Compositional study of relaxed co-loaded AlGaN layers with polar (0001), semipolar (\(10\bar{{\rm{1}}}3\)) and (\(11\bar{{\rm{2}}}2\)), as well as nonpolar (\(10\bar{{\rm{1}}}0\)) and (\(11\bar{{\rm{2}}}0\)) surface orientations has been investigated. By taking into account the compositional effects of anisotropic in-plane strain, aluminium incorporation in semi- and non-polar layers was determined by x-ray diffraction analysis. The AlN mole fraction of all the co-loaded layers estimated by x-ray diffraction is comparable. This is consistent with their comparable optical bandgap energy and near band-edge emission energy, which were determined from room-temperature pseudo-dielectric functions and photoluminescence measurements, respectively. The dependence of the bandgap and emission energy on composition indicates a bowing parameter of 0.9 eV.

Experimental Methods

Growth was performed in an EpiQuest 3 × 2-inch close-coupled showerhead MOVPE reactor. Ammonia (NH3), trimethylgallium (TMGa) and trimethylaluminium (TMAl) were used as precursors. Differently oriented AlN templates grown on sapphire substrates were used to grow AlGaN layers, including (0001) AlN (d ≈ 800 nm) on c-plane sapphire, (\(11\bar{{\rm{2}}}2\)) AlN (d ≈ 1000 nm) on m-plane sapphire, (\(10\bar{{\rm{1}}}0\)) AlN (d ≈ 350 nm) on m-plane sapphire, and (\(11\bar{{\rm{2}}}0\)) AlN (d ≈ 350 nm) on r-plane sapphire. The (\(11\bar{{\rm{2}}}0\)) AlN template was grown simultaneously with the (\(10\bar{{\rm{1}}}0\)) AlN template. Growth parameters of these templates are reported elsewhere30. To produce an Al-polar (\(10\bar{{\rm{1}}}3\)) AlN template, about 10-nm-thick (\(10\bar{{\rm{1}}}3\)) AlN layer was initially sputtered onto a 2-inch m-plane sapphire wafer using directional sputtering33. Afterwards, this wafer was loaded into the reactor chamber to grow a 300-nm-thick AlN layer at a surface temperature of 1290°C.

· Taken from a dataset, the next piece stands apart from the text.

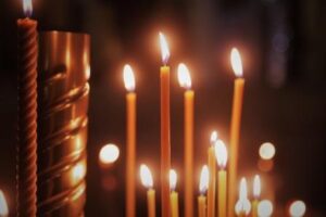 • падвязвайце моцна хусткі і прыбірайце валасы, памяншаючы рызыку траплення на іх агню свечкі пры нахіле галавы;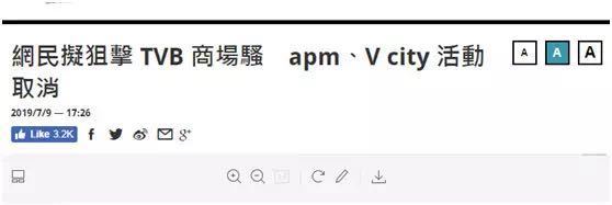 上面这样报道警方驱散示威者的是不是也算“偏向警方”呢? 在一些香港极端网民眼中,就是这样。 于是他们不仅在线上对TVB发起攻击,还在线下干扰冲击TVB的活动。 据香港媒体报道,TVB原定9日晚在香港两家购物中心的活动因有网友扬言到现场示威被迫取消。

All the 2-inch AlN/sapphire wafers were diced into 1 × 1 cm2 pieces. These pieces were then co-loaded into the reactor chamber for AlGaN epitaxy. Initially, about 100-nm-thick AlN layer was grown on these templates at 1290°C at a reactor pressure of 27 hPa. Afterwards, AlGaN layers with a nominal thickness of 1.5 μm were grown on these templates at 1150°C at a reactor pressure of 100 hPa. To vary xAlN, different RAlGaN ratios were employed (0 ≤ RAlGaN ≤ 1), while keeping NH3 flow rate constantly. Growth parameters of these layers are reported in ref. 30; however, the AlGaN growth temperature at 1050°C was used in that study.

The crystal orientation of the AlGaN/AlN samples was characterized using a PANalytical X’pert triple-axis high-resolution X-ray diffraction (HR-XRD) system equipped with an asymmetric four-crystal monochromator (4 × Ge220) for CuKα1 source. On-axis ω-2θ scans have been measured using an open detector without any receiving slit to distinguish between all possible orientations of the epilayers. For lattice calculations, different 2θ diffraction peaks of the samples were measured using an HR analyzer detector, as shown in Table 1.

For room-temperature photoluminescence (RT-PL) measurements, the samples were excited by a Krypton Fluoride (KrF) excimer laser (ExciStar XS-200) with excitation wavelength of 248 nm (Eex = 5 eV) and a spot size of 50 × 500 μm2. During PL measurements, a pulse energy of 7 mJ and a repetition rate of 200 Hz were employed, giving a power density of 5.6 kW/cm2. PL signals were recorded by a high-sensitivity Ocean Optics spectrometer (QE65 Pro).

The fundamental bandgap energy of the layers was estimated from real and imaginary parts of the pseudo-dielectric functions (DFs). DFs were recorded at RT using a Horiba UVISEL 2 spectroscopic ellipsometer at an incident angle of 70° and a spot size of 705 × 2030 μm2. The photon energy was varied from 1.45 to 6.45 eV with the spectral resolution of 0.02 eV.